Data section
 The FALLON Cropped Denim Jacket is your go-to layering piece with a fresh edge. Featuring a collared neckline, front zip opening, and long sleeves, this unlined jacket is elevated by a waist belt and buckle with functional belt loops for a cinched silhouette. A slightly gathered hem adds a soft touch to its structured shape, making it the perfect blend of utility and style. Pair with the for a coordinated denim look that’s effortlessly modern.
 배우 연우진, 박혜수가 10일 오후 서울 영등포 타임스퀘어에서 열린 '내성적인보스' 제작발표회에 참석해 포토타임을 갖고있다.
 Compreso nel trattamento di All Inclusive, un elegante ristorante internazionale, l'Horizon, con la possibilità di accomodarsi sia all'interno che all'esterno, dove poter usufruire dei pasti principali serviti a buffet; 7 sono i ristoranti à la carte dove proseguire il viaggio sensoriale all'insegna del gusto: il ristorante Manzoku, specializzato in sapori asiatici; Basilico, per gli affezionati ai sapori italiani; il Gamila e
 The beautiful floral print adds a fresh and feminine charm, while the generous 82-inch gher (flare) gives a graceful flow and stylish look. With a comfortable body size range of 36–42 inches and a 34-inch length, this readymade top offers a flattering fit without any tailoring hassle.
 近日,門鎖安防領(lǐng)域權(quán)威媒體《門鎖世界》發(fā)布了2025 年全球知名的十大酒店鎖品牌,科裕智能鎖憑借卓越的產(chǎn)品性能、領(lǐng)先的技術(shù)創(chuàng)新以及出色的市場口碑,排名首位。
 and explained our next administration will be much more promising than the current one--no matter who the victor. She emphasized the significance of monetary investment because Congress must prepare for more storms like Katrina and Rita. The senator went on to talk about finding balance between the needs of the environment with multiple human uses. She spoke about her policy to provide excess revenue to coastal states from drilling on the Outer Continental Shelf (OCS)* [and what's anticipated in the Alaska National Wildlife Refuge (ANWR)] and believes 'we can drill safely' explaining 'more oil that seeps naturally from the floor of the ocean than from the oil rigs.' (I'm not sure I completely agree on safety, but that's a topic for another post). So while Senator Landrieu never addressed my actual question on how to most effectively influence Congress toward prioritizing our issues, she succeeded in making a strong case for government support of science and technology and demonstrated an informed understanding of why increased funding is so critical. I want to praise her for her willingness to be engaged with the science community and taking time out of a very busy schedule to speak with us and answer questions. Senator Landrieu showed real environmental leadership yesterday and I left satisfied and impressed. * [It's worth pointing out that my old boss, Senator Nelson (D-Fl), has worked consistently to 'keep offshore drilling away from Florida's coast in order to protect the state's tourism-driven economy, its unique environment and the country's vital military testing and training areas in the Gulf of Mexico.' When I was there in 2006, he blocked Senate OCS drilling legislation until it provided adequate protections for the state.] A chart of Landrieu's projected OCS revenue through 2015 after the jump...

Problem statement
Print again the lines of the entries above that fall between the line holding "Compreso nel trattamento" and the line holding "近日,門鎖安防領(lǐng)", inclusive, exactly as they stand.

Solution below
 Compreso nel trattamento di All Inclusive, un elegante ristorante internazionale, l'Horizon, con la possibilità di accomodarsi sia all'interno che all'esterno, dove poter usufruire dei pasti principali serviti a buffet; 7 sono i ristoranti à la carte dove proseguire il viaggio sensoriale all'insegna del gusto: il ristorante Manzoku, specializzato in sapori asiatici; Basilico, per gli affezionati ai sapori italiani; il Gamila e
 The beautiful floral print adds a fresh and feminine charm, while the generous 82-inch gher (flare) gives a graceful flow and stylish look. With a comfortable body size range of 36–42 inches and a 34-inch length, this readymade top offers a flattering fit without any tailoring hassle.
 近日,門鎖安防領(lǐng)域權(quán)威媒體《門鎖世界》發(fā)布了2025 年全球知名的十大酒店鎖品牌,科裕智能鎖憑借卓越的產(chǎn)品性能、領(lǐng)先的技術(shù)創(chuàng)新以及出色的市場口碑,排名首位。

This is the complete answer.